CVE-2024-28128

Vulnerability

Overview

CVE-2024-28128 is a cross-site scripting (XSS) vulnerability in FitNesse, the integrated acceptance testing wiki. The flaw exists in all releases prior to the 20220319 version [1][4]. An attacker can inject arbitrary client-side scripts by crafting a link with a specially designed certain parameter. When a victim using FitNesse accesses that link, the injected script executes in their browser [1][4].

Attack

Vector

No authentication is required for exploitation, making the attack surface broad.
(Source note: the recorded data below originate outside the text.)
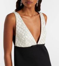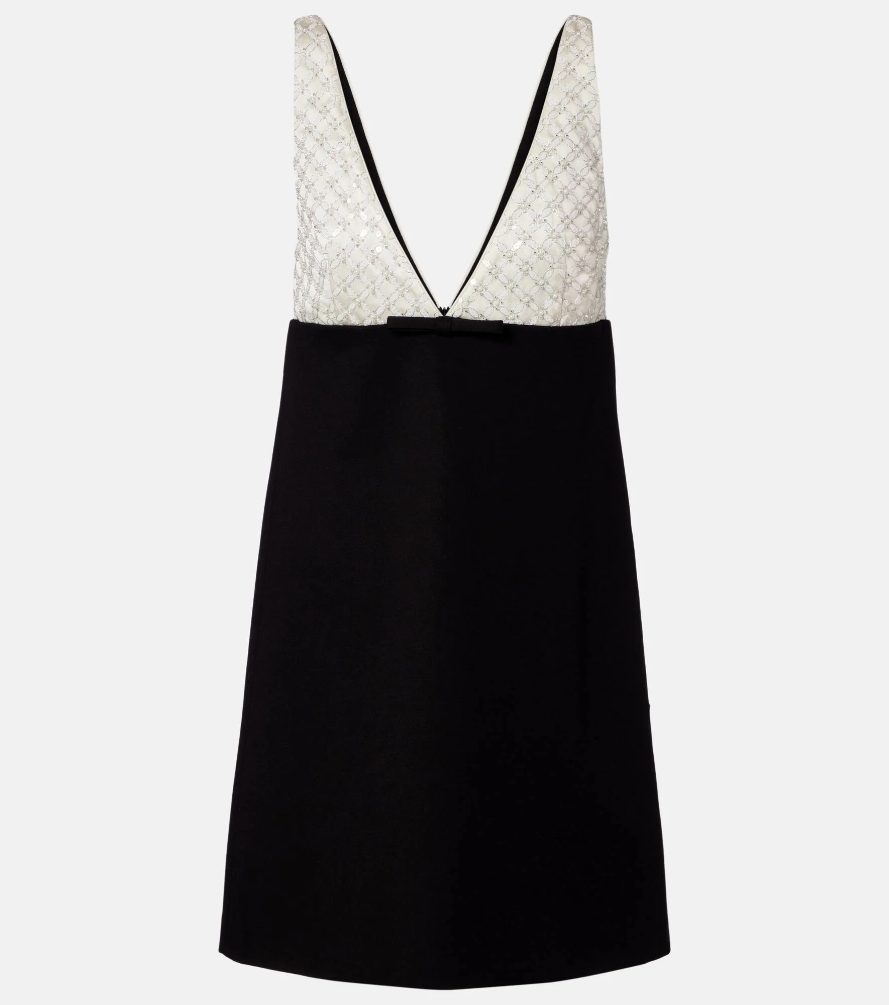 The Emotional Essence minidress from Dorothee Schumacher showcases a charming color contrast between the sequined bodice and the skirt. The design features a V-neckline finished with a sophisticated bow. Product Details - Material: 67% viscose, 28% polyamide, 5% elastane - Care instructions: dry clean - Made in China - Color: black - Designer color name: Black-Off White - Item color: black, white - Material II: 87% polyester, 13% viscose - Lining: 62% viscose, 32% polyamide, 6% elastane - Collar: V-neck - Closure: zipped back - Item number: P01120042 Size & Fit - Fits large to size - we recommend trying one size smaller - Low back - Cinched waist - Non-stretchy fabric - The model seen in the picture is 178cm-5'10" and wearing a size 0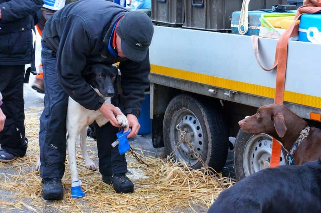 Quelques gestes sont répétés avant chaque course, pour veiller au confort et au bien-être des chiens, par les handlers et vétérinaires.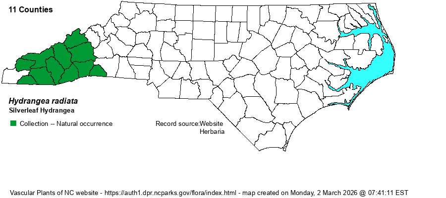 | Distribution | This species, as with Hydrangea cinerea, is limited in the state to the southwestern portions. It occurs in the Mountains north only to Madison County and to Polk County on the east. It likely is not found into the Piedmont foothills.

The attacker simply needs to convince a logged-in FitNesse user to click a malicious link [1][4]. The vulnerability is classified under CWE-79 (Improper Neutralization of Input During Web Page Generation) and carries a CVSS v3 base score of 6.1 (Medium) with the vector AV:N/AC:L/PR:N/UI:R/S:C/C:L/I:L/A:N, indicating low complexity, network access, and required user interaction [4].

Impact

Successful exploitation allows the attacker to execute arbitrary scripts in the context of the victim's session. This can lead to session hijacking, defacement, or theft of sensitive data displayed on the wiki pages [1][4]. The vulnerability is part of a series of FitNesse issues published simultaneously, including other XSS (CVE-2024-23604), XXE (CVE-2024-28039), and OS command injection (CVE-2024-28125) flaws, but CVE-2024-28128 specifically stems from insufficient input sanitization of a single parameter [4].

Mitigation

The vendor resolved the issue in FitNesse release 20220319 [1][4]. Users running older versions should upgrade immediately to the latest release available from the official FitNesse download page or GitHub repository [2][3]. No workaround has been documented, so updating is the only reliable fix [4].